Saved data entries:
****************************************
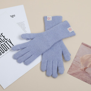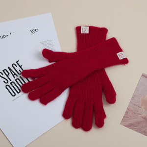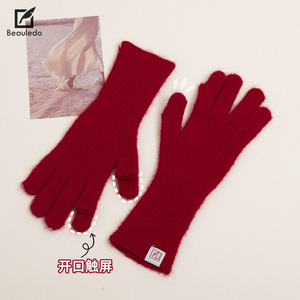 冬季可爱毛线针织韩国贴标冬天氛围感红色羊毛手套分指露指可触屏
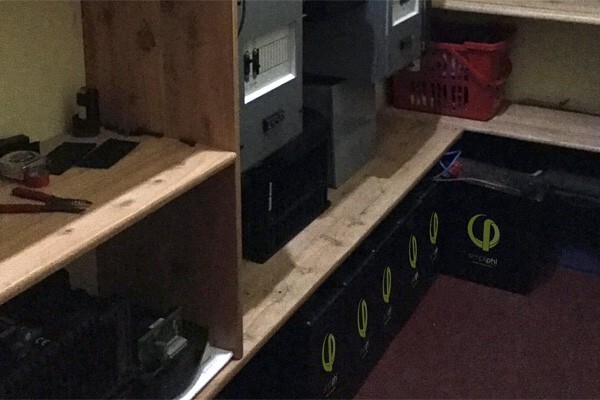 The system currently provides 20.4kWh of power and consists of six PHI 3.4 48V batteries and three Outback VFXR 3048E inverters.
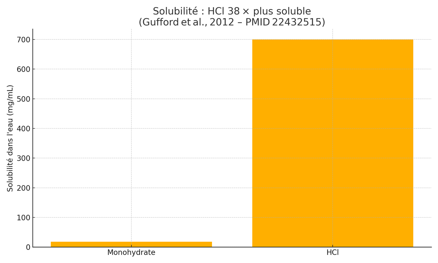 Dans l’eau, la créatine HCl se dissout à ≈ 700 mg/mL, contre ≈ 18 mg/mL pour la monohydrate — soit 38 fois plus.
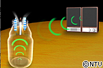 スピーカーから出る音、つまり空気の振動でビンの中の空気を振動させ、風がおこって火が消えます。
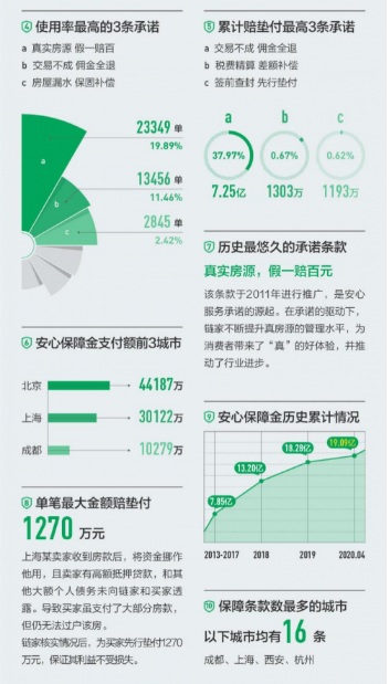 統(tǒng)計(jì)顯示,“真實(shí)房源假一賠百”、“交易不成傭金全退”、“房屋漏水保固補(bǔ)償”是使用率最高的三項(xiàng)承諾,分別為19.89%、11.46%和2.42%;“交易不成傭金全退”、“稅費(fèi)精算差額補(bǔ)償”和“簽前查封先行墊付”是累計(jì)賠墊付金額最高的三條承諾,分別為7.25億、1303萬和1193萬。
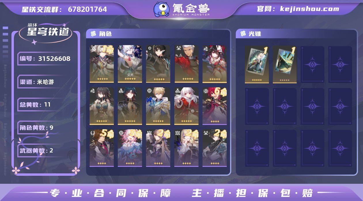 总黄数:11 五星光锥数:2 五星角色数:9 开拓等级:50 开拓者性别:男 星轨专票:0 梦华数量:0 星琼数量:73 1命流萤,0命爻光,0命丹恒·腾荒,0命Archer,0命花火,0命阮·梅,0命刃,0命杰帕德,0命克拉拉 1精梦应归于何处,1精星海巡航 换绑材料:可提供换绑材料 邮箱状态:未绑定 psn绑定情况:否 taptap绑定情况:否
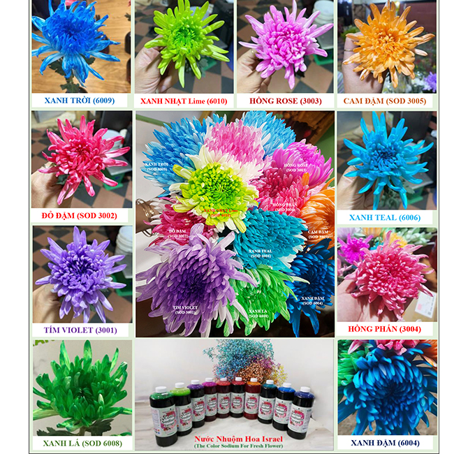 1. THÔNG TIN NƯỚC NHUỘM HOA TƯƠI: - Được sản xuất theo công nghệ Gadot Israel là chế phẩm sinh học giúp hoa cắt cành đổi màu sắc theo ý muốn với tổng 10 màu
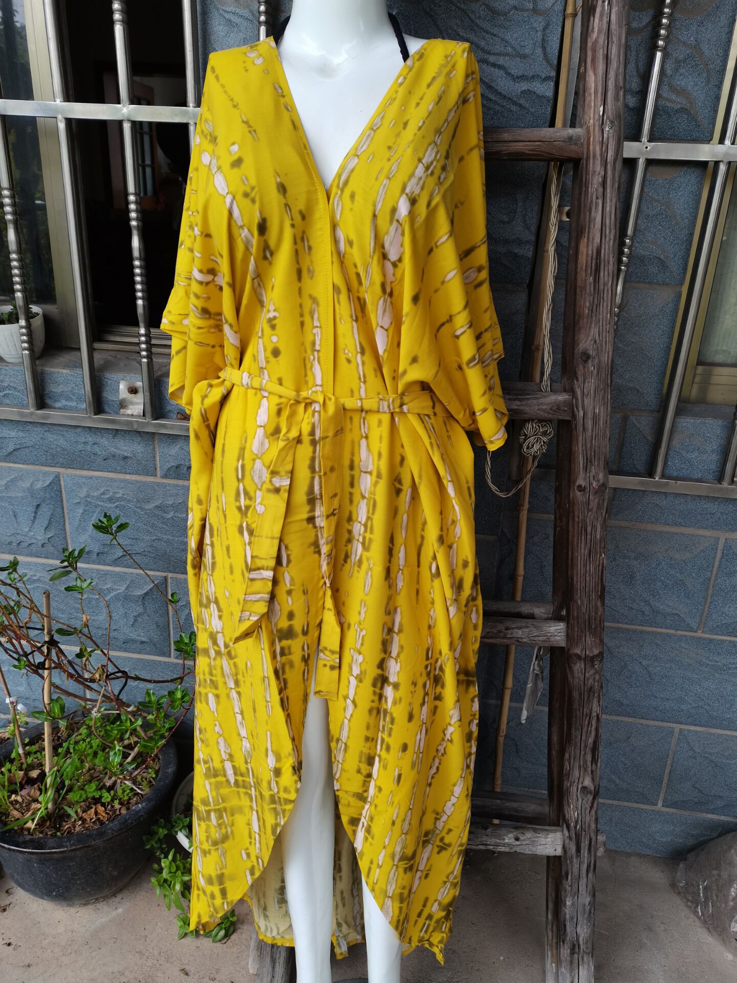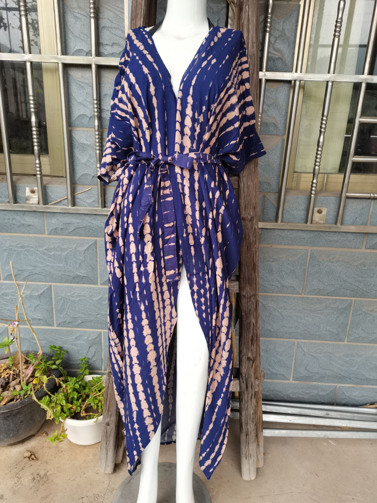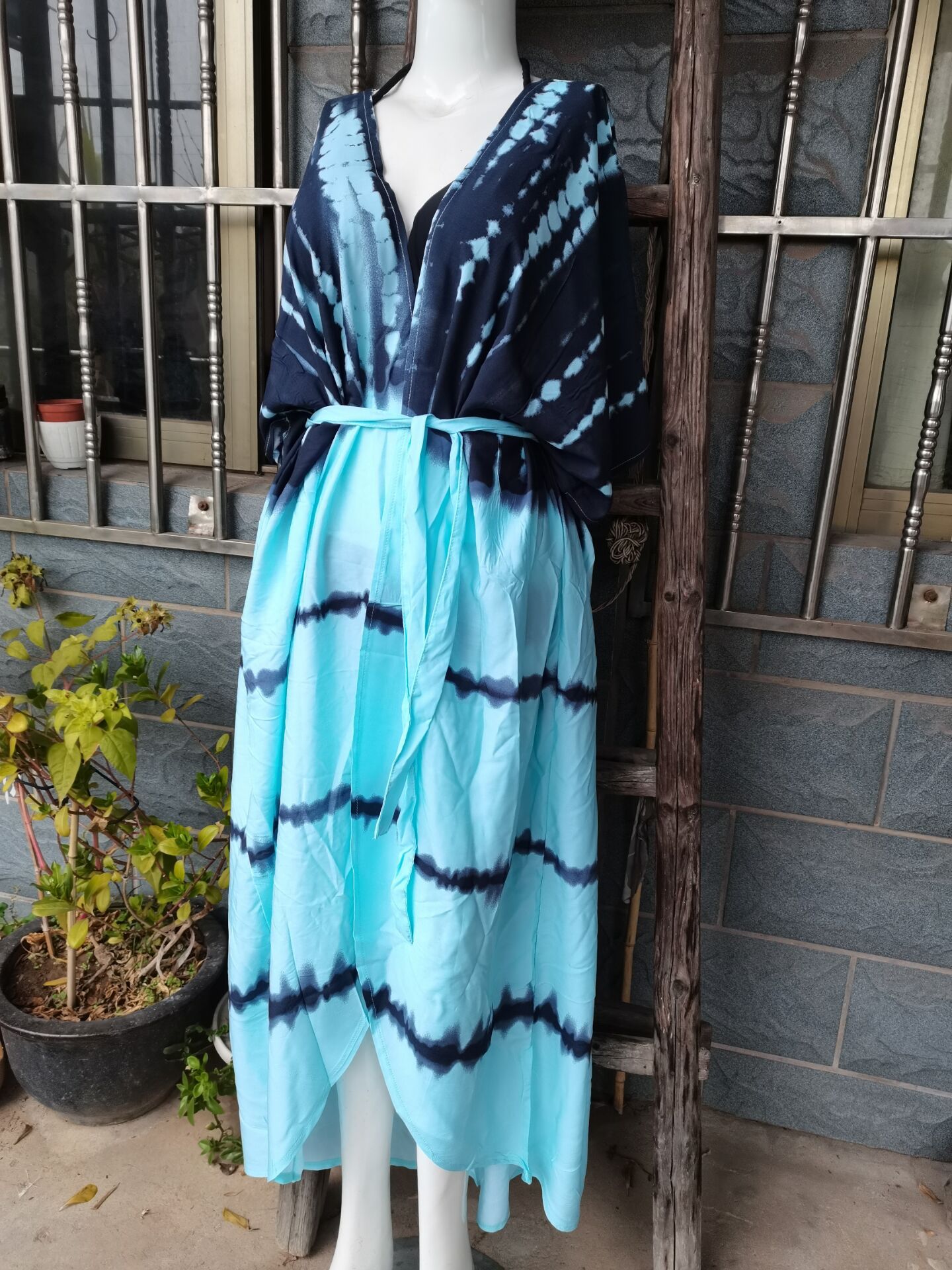 Rayon Tie-Dyed Floral Cardigan Holiday Casual Beach Bikini Cover with Straps 17 Colors
****************************************
- [To do] Without including the pictures, reproduce all entries exactly.

- [Output below]
 冬季可爱毛线针织韩国贴标冬天氛围感红色羊毛手套分指露指可触屏
 The system currently provides 20.4kWh of power and consists of six PHI 3.4 48V batteries and three Outback VFXR 3048E inverters.
 Dans l’eau, la créatine HCl se dissout à ≈ 700 mg/mL, contre ≈ 18 mg/mL pour la monohydrate — soit 38 fois plus.
 スピーカーから出る音、つまり空気の振動でビンの中の空気を振動させ、風がおこって火が消えます。
 統(tǒng)計(jì)顯示,“真實(shí)房源假一賠百”、“交易不成傭金全退”、“房屋漏水保固補(bǔ)償”是使用率最高的三項(xiàng)承諾,分別為19.89%、11.46%和2.42%;“交易不成傭金全退”、“稅費(fèi)精算差額補(bǔ)償”和“簽前查封先行墊付”是累計(jì)賠墊付金額最高的三條承諾,分別為7.25億、1303萬和1193萬。
 总黄数:11 五星光锥数:2 五星角色数:9 开拓等级:50 开拓者性别:男 星轨专票:0 梦华数量:0 星琼数量:73 1命流萤,0命爻光,0命丹恒·腾荒,0命Archer,0命花火,0命阮·梅,0命刃,0命杰帕德,0命克拉拉 1精梦应归于何处,1精星海巡航 换绑材料:可提供换绑材料 邮箱状态:未绑定 psn绑定情况:否 taptap绑定情况:否
 1. THÔNG TIN NƯỚC NHUỘM HOA TƯƠI: - Được sản xuất theo công nghệ Gadot Israel là chế phẩm sinh học giúp hoa cắt cành đổi màu sắc theo ý muốn với tổng 10 màu
 Rayon Tie-Dyed Floral Cardigan Holiday Casual Beach Bikini Cover with Straps 17 Colors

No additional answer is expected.